### Exercise
Your response to the data below should hold nothing except the lines from the one containing "Яркие эффектные серьги" down to the one containing "Pack of 12 HIV", reproduced exactly and without pictures.
[[ Dataset content open ]]
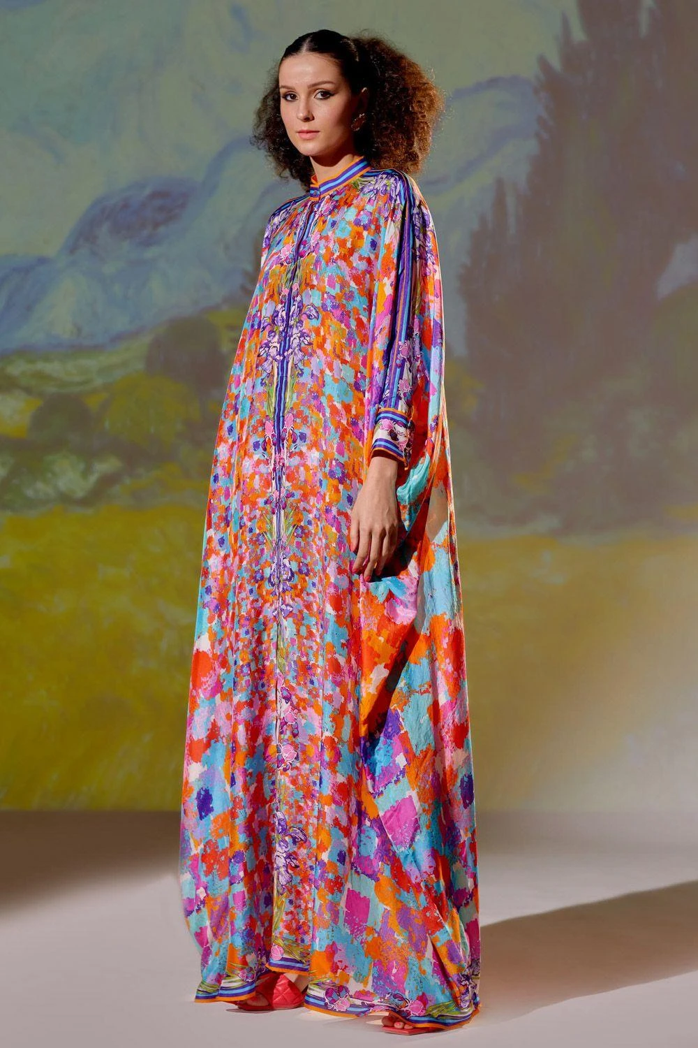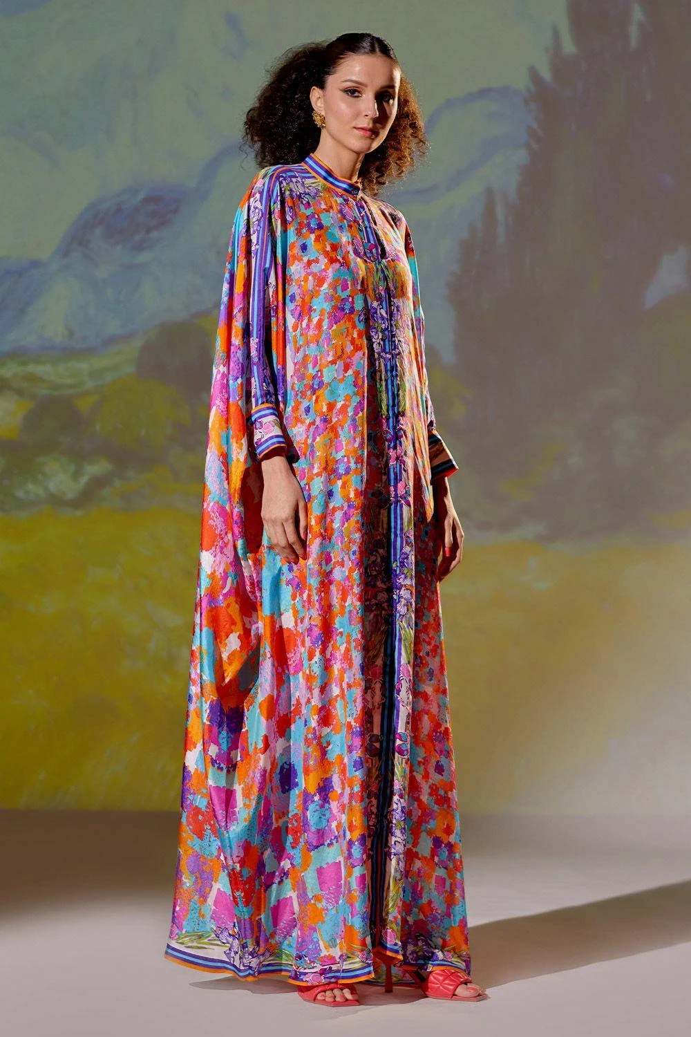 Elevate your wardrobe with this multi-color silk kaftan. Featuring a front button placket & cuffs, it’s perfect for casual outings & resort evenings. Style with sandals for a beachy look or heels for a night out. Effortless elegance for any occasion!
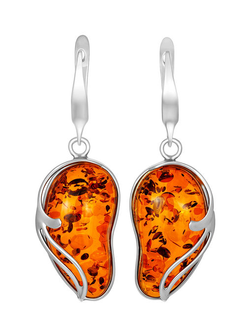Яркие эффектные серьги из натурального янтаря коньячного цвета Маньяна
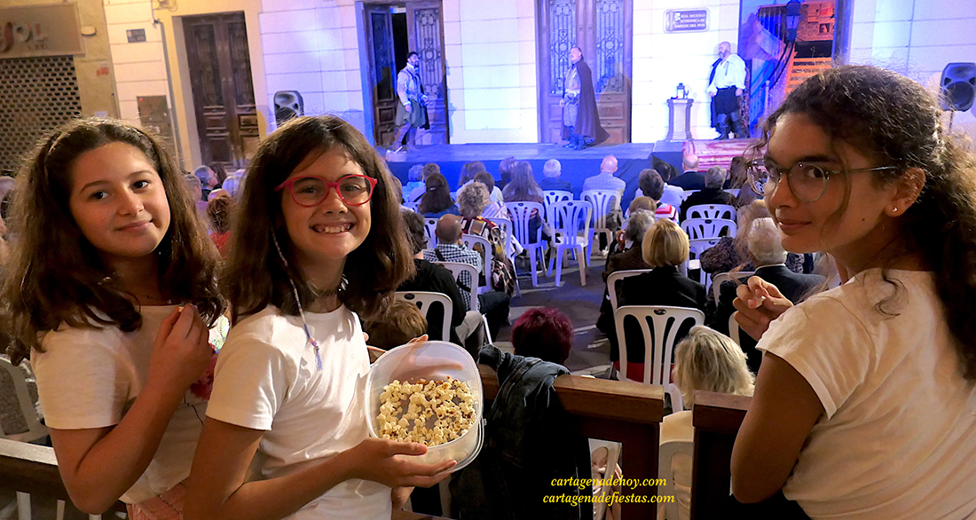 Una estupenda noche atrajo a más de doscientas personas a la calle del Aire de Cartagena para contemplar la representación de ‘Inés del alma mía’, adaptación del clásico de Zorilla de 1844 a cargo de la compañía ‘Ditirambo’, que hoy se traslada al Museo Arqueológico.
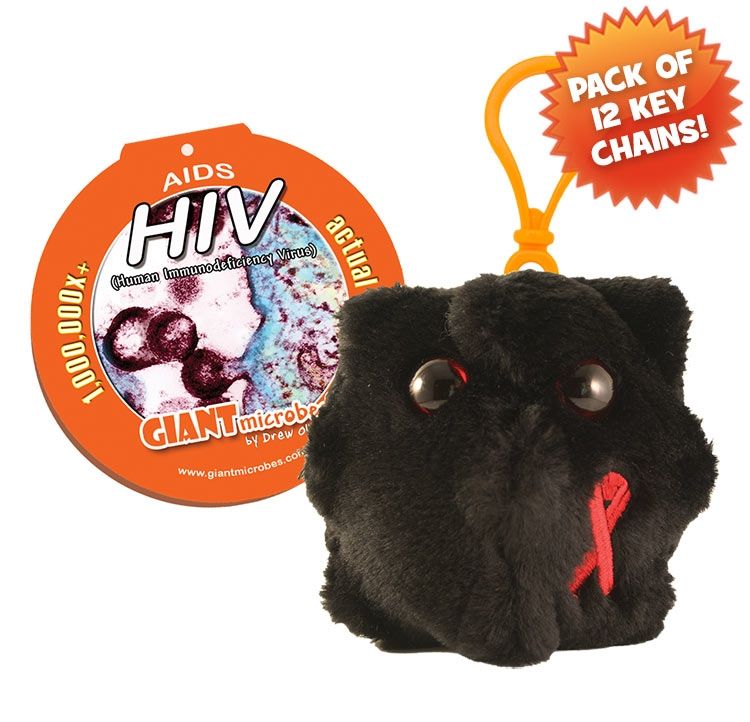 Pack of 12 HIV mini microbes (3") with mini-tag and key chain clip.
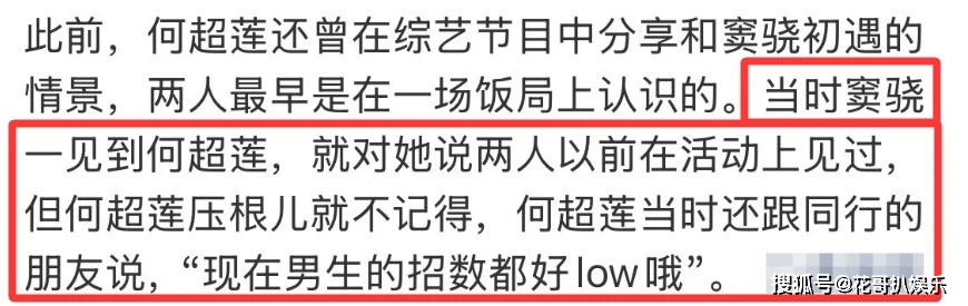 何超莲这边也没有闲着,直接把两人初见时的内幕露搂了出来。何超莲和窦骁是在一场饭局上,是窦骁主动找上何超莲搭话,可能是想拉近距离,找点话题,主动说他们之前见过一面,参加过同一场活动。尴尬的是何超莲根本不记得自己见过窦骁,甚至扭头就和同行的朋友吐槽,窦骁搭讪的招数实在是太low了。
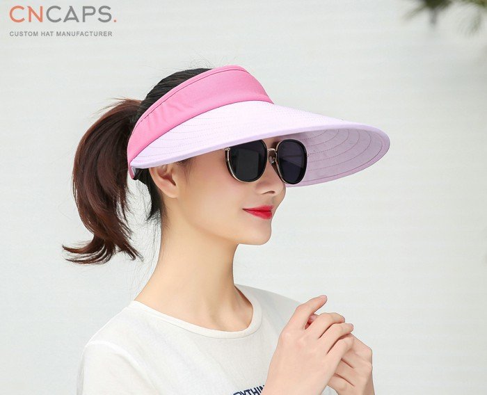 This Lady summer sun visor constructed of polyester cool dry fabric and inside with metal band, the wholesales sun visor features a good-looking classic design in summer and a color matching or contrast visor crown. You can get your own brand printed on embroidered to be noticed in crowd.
[[ Dataset content closed ]]
[[ Dataset content open ]]
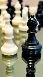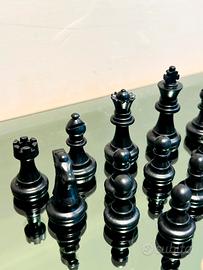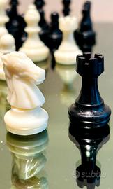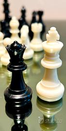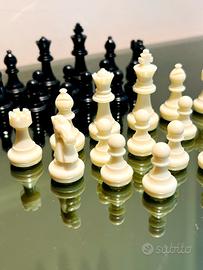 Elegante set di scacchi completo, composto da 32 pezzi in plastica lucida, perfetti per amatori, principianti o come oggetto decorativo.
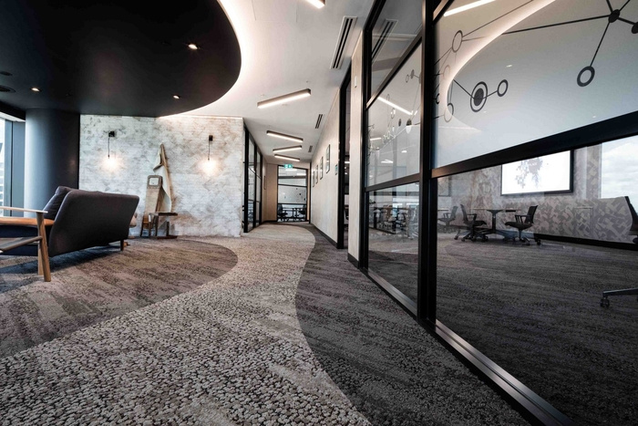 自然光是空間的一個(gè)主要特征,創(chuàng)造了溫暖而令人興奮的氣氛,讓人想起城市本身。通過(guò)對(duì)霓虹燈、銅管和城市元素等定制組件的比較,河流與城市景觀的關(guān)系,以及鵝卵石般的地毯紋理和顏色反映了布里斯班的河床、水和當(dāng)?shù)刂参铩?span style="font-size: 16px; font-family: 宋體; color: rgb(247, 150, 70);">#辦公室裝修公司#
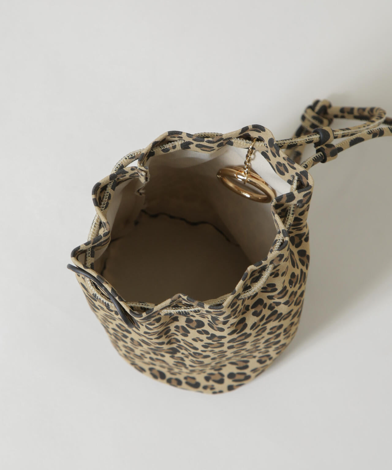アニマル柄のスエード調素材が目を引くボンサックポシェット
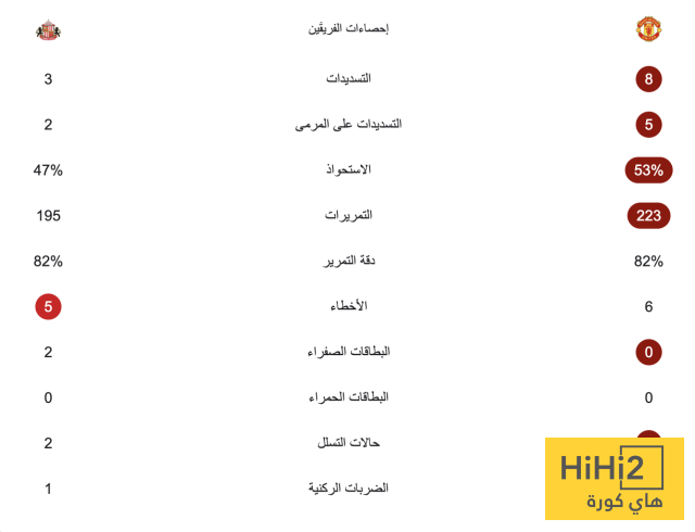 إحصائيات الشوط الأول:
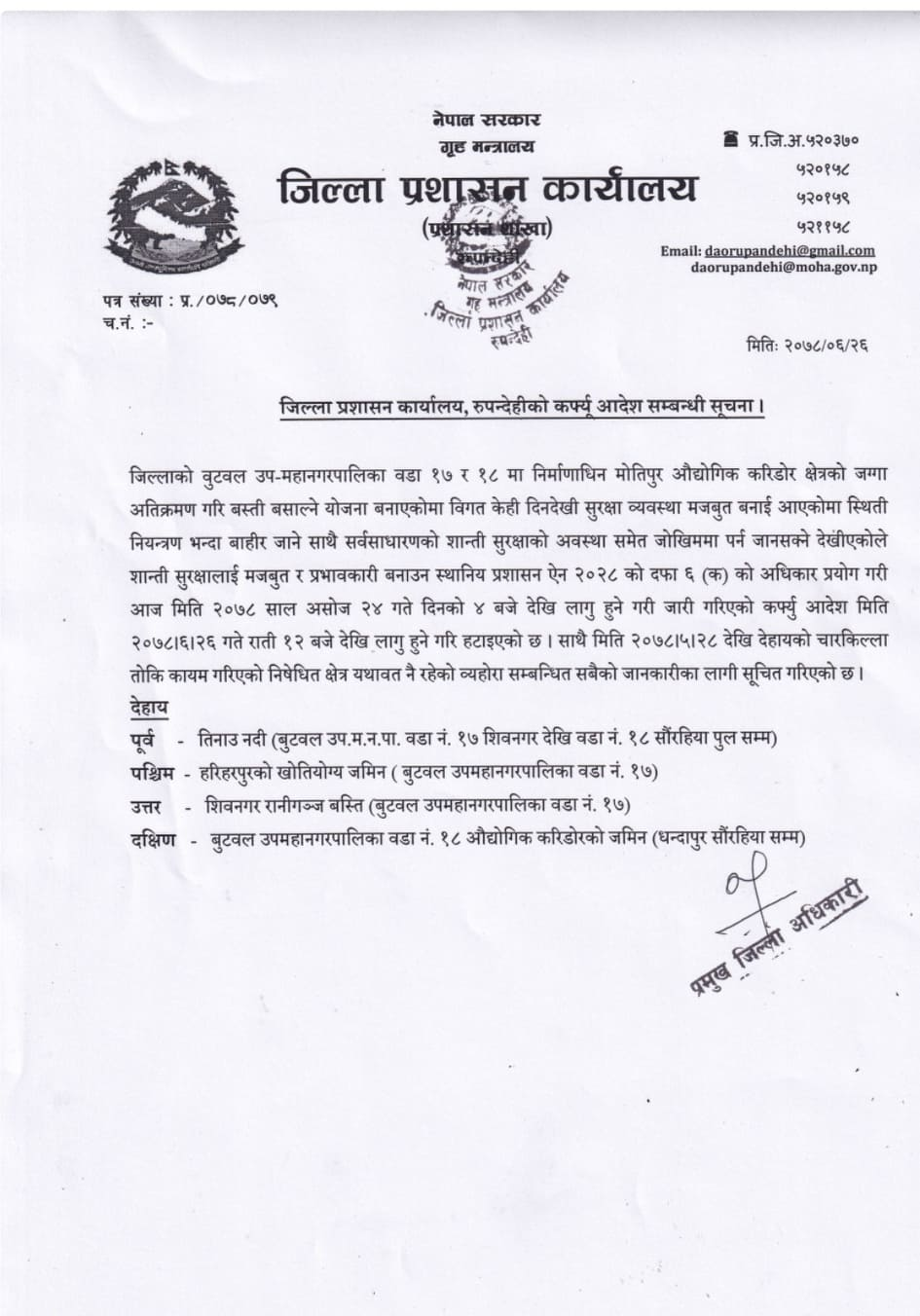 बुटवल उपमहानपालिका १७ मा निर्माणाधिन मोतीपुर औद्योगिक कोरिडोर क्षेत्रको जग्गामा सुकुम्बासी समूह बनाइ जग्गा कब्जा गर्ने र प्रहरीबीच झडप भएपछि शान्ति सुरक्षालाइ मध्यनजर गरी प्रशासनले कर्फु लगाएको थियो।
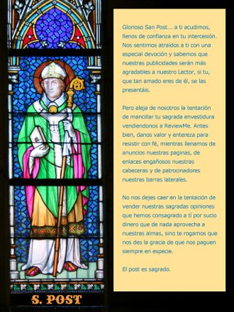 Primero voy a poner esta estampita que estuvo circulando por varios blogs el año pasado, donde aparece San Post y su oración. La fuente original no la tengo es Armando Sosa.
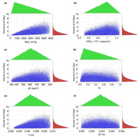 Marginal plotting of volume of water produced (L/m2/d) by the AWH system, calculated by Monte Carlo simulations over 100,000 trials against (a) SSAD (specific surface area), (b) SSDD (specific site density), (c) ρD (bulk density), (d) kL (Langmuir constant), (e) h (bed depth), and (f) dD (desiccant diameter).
[[ Dataset content closed ]]
[[ Dataset content open ]]
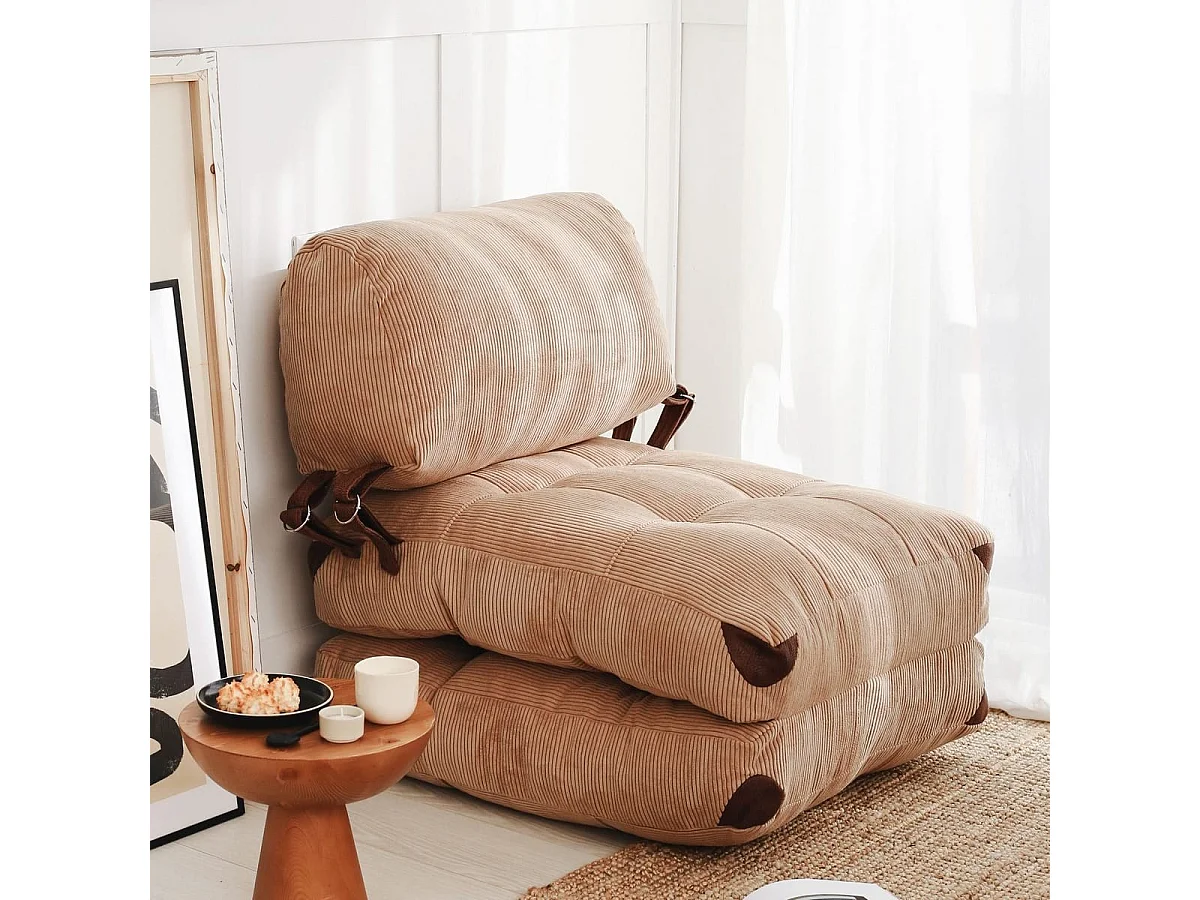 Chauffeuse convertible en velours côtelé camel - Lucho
[[ Dataset content closed ]]
### Solution to this exercise
Яркие эффектные серьги из натурального янтаря коньячного цвета Маньяна
 Una estupenda noche atrajo a más de doscientas personas a la calle del Aire de Cartagena para contemplar la representación de ‘Inés del alma mía’, adaptación del clásico de Zorilla de 1844 a cargo de la compañía ‘Ditirambo’, que hoy se traslada al Museo Arqueológico.
 Pack of 12 HIV mini microbes (3") with mini-tag and key chain clip.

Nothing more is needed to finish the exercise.